Judging from the previously disclosed details of the cooperation, different from the simple upgrades such as taking pictures, real-time call translation, and intelligent search in the industry, the two are through MagicOS to carry out the paradigm innovation of device-cloud collaboration - the Glory Magic Model on the device side is responsible for understanding the user's intentions, transforming the user's simple prompts into more professional prompts in the background, and then the Wenxin model on the cloud provides professional services such as knowledge questions and answers, life suggestions, etc.

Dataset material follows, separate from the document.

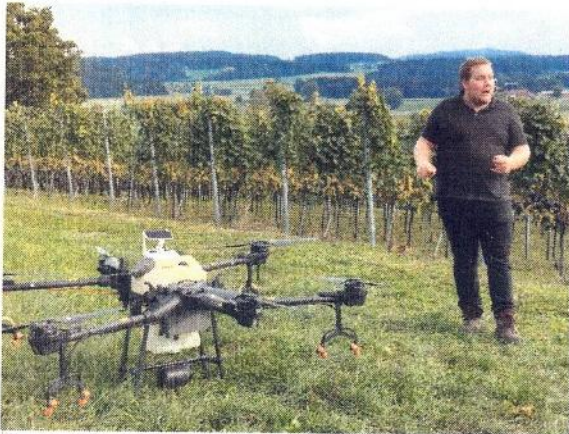
Drohnen-Demo mit Reben-Spritzbrühe

For example, in the daily assistant requirements of "help me arrange a schedule" or "help me set a sports plan", the magic model will analyze the user's travel, health and other usage data, and generate preliminary prompts, so as to dispatch the Wenxin model to generate a comprehensive enough plan. In this process, the magic model will filter out sensitive information and ensure that personal privacy is not on the cloud through the device-side protection network, so as to solve users' hidden concerns about personal data.

However, this is only the initial application of AI under this device-cloud collaboration paradigm, and what is further is a personal knowledge base formed based on the device-side data uploaded by users themselves, which can improve labor productivity and extend the reachable space of brain power with a very short link.

At a time when comprehensive indicators such as security, explainability, and ease of use have long become the key to the AI arms race, opening the black box of large models to reach public awareness is undoubtedly the winner or loser of large models entering the next cycle of "innovation diffusion". From the developer's perspective, the black box lies in the algorithm and training process, and for users, the invisible black box is the ease of use and universality of the model's capabilities.

In the face of the "unboxing" needs of different roles, customized products continue to emerge. However, only Baidu has taken the lead in advancing to the bottom, greatly lowering the development threshold through intelligent computing capabilities, and integrating relatively isolated different development and feedback systems. The first establishment of the system often means commercial barriers, especially for the to B track.

Under the deep integration of AI and cloud, and the deep coupling of device-cloud collaboration, we also see Robin Li's confidence in adhering to the closed-source route in his internal speech. Baidu, which is "grabbing the beach" for intelligent computing, has once again maintained its leading position in the AI arms race.